* _Data for this exercise_

####################

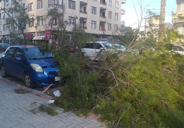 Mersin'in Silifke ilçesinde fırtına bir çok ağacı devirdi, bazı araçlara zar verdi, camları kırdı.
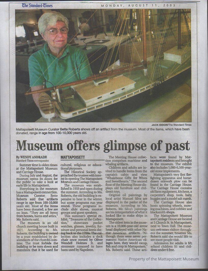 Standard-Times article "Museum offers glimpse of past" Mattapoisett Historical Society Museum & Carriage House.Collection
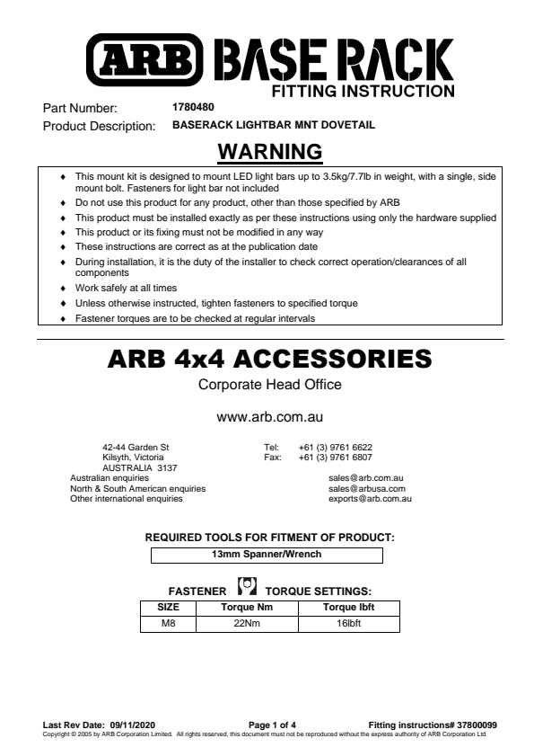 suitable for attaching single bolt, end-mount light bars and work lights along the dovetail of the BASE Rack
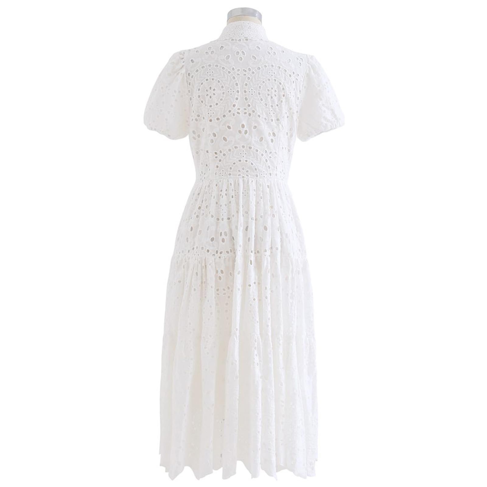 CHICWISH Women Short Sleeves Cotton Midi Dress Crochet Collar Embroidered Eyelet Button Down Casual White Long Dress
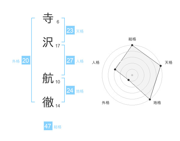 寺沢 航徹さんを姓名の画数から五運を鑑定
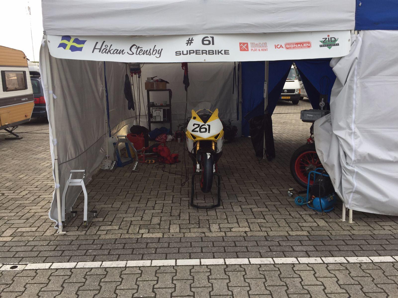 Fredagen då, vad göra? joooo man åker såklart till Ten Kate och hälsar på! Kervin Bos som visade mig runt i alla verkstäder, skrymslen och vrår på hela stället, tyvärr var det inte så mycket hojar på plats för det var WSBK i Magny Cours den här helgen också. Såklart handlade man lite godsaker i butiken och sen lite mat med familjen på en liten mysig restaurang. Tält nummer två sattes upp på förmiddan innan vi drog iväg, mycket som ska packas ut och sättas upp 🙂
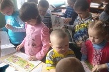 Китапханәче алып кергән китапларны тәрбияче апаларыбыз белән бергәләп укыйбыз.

####################

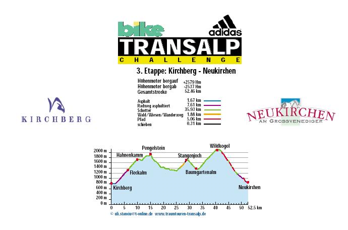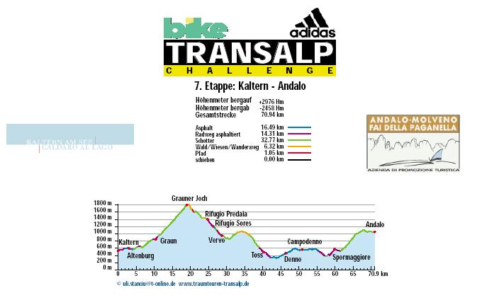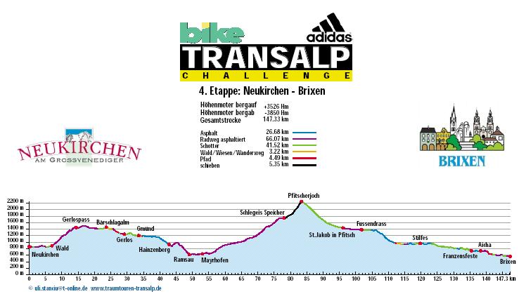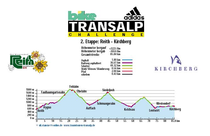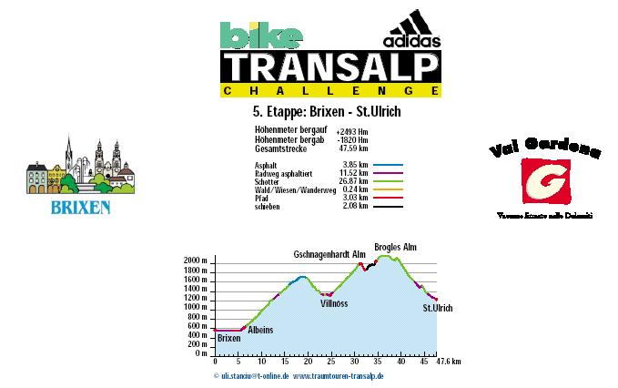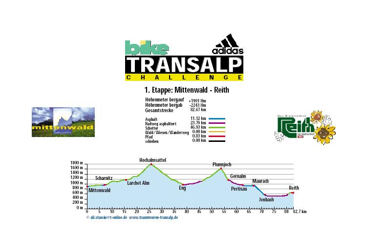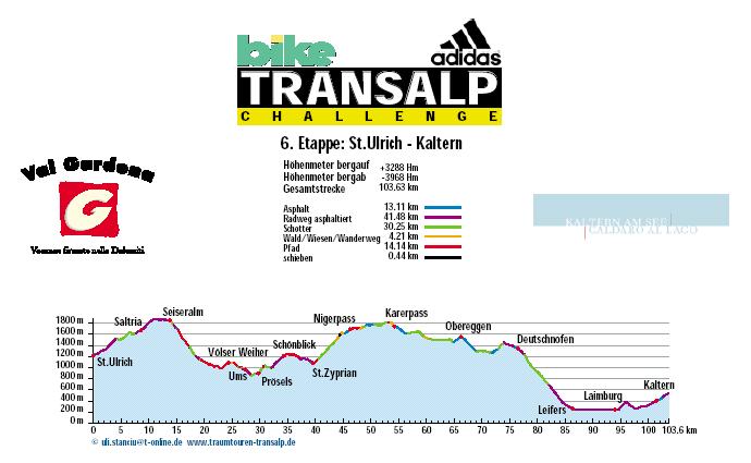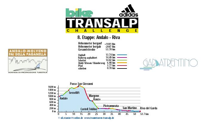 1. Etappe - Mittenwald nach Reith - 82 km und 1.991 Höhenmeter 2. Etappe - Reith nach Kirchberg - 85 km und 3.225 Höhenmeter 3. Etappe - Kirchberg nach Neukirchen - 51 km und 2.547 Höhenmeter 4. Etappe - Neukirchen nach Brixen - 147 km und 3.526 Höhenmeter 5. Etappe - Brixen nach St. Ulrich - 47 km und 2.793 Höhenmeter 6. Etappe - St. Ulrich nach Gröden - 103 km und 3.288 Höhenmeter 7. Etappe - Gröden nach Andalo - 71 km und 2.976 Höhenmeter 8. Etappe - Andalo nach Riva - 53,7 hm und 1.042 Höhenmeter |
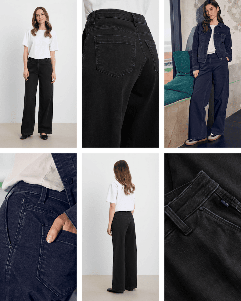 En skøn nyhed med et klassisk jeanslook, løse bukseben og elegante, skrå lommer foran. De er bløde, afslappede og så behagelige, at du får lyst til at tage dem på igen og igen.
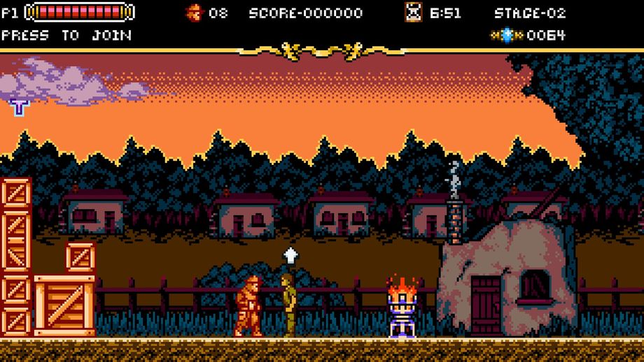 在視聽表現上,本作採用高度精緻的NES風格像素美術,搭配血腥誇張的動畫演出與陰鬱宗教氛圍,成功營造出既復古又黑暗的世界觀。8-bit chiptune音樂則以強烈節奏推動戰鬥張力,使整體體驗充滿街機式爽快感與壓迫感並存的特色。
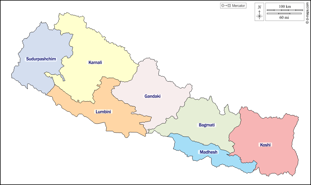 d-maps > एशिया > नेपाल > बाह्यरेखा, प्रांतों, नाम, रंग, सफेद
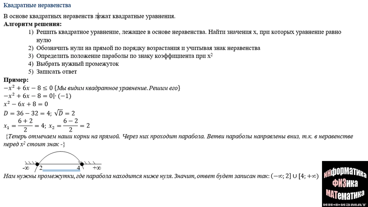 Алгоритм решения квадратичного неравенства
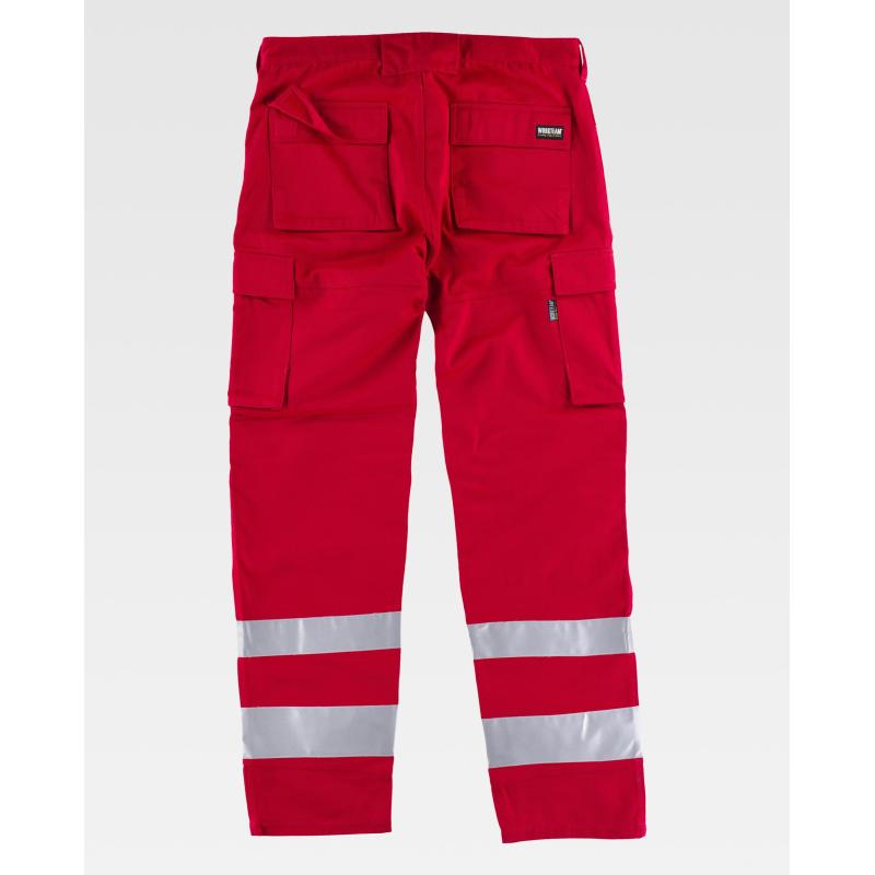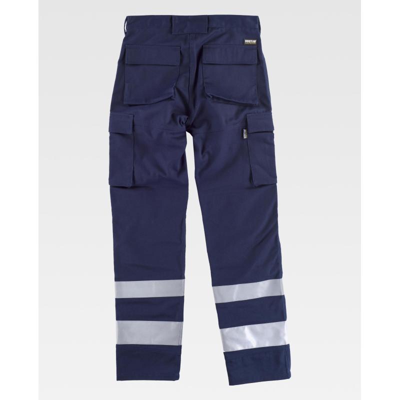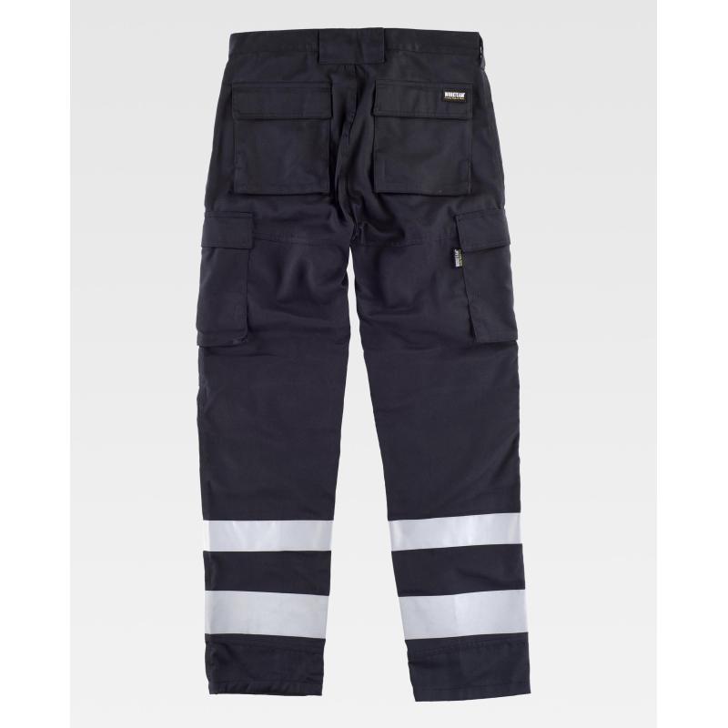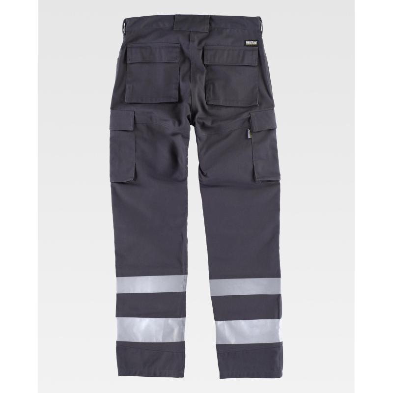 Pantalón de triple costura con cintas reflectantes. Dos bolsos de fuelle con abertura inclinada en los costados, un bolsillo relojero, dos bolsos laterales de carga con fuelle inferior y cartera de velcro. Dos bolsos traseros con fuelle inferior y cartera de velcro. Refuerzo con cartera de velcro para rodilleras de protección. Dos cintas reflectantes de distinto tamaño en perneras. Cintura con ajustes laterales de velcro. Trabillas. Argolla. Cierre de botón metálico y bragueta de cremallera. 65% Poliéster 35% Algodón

####################

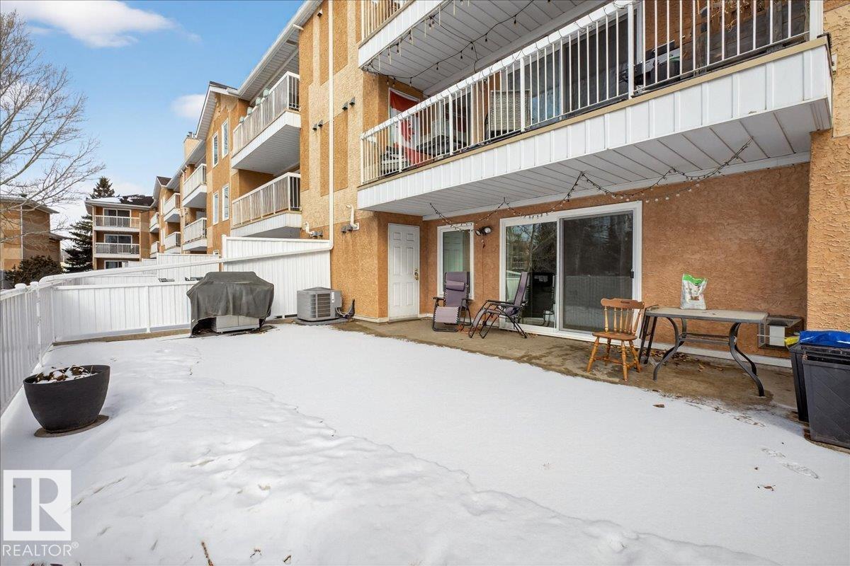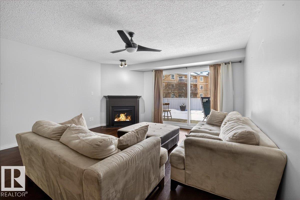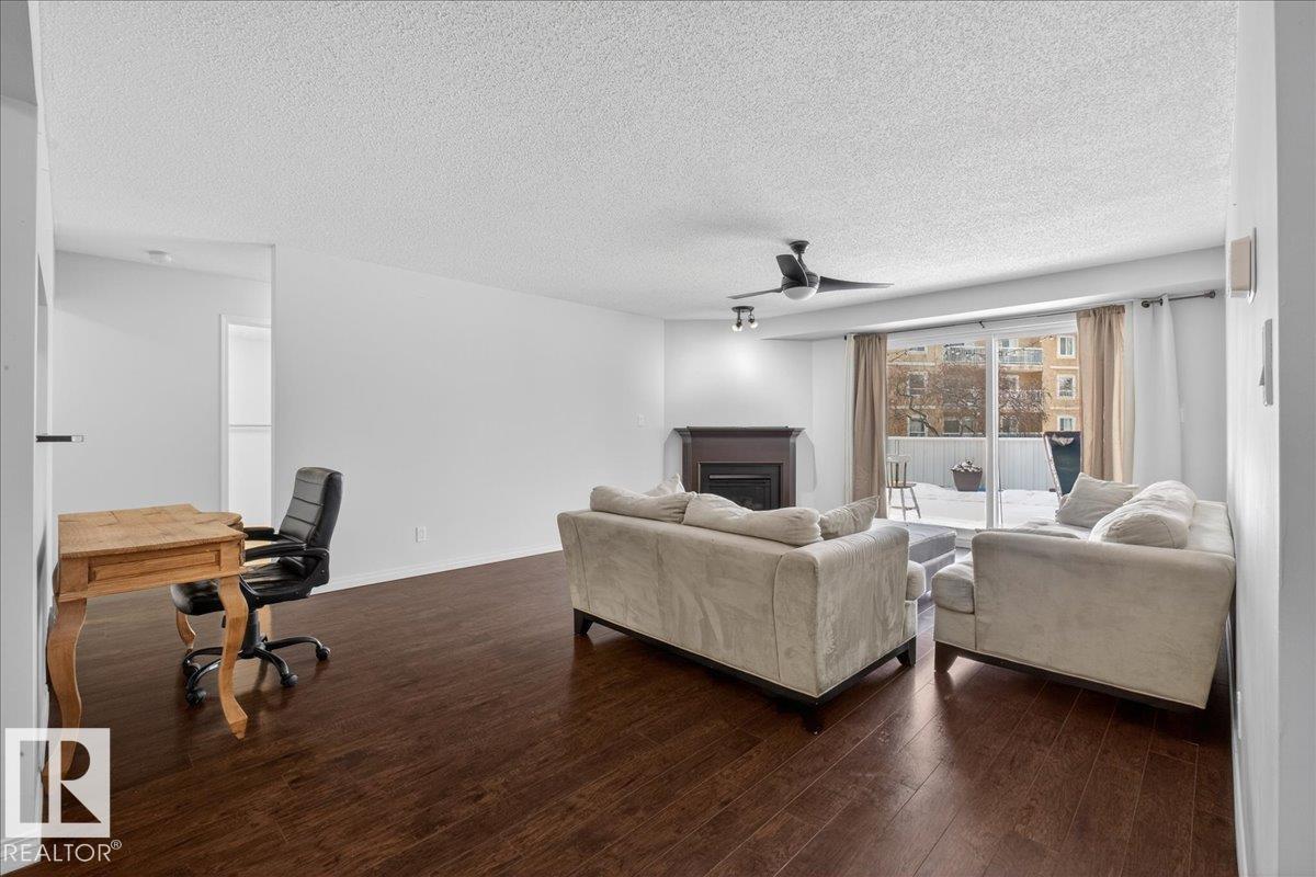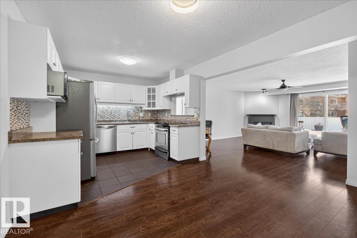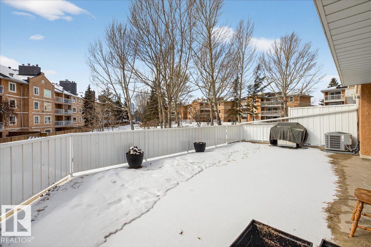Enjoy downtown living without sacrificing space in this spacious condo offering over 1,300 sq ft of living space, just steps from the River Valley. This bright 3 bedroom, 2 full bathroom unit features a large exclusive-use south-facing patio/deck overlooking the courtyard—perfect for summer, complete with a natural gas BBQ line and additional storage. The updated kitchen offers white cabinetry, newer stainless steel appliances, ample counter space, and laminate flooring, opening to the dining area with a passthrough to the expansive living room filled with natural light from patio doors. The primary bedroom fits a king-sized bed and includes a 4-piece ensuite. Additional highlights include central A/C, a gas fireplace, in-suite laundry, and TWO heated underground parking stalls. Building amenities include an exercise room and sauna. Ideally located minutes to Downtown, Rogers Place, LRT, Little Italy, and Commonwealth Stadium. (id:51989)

####################

* _Exercise objective_
Exactly the lines starting at the one above with "suitable for attaching" and ending at the one with "寺沢 航徹さんを姓名の画数から五運を鑑定" should be printed, and nothing else. Omit the pictures.

* _Written response_
 suitable for attaching single bolt, end-mount light bars and work lights along the dovetail of the BASE Rack
 CHICWISH Women Short Sleeves Cotton Midi Dress Crochet Collar Embroidered Eyelet Button Down Casual White Long Dress
 寺沢 航徹さんを姓名の画数から五運を鑑定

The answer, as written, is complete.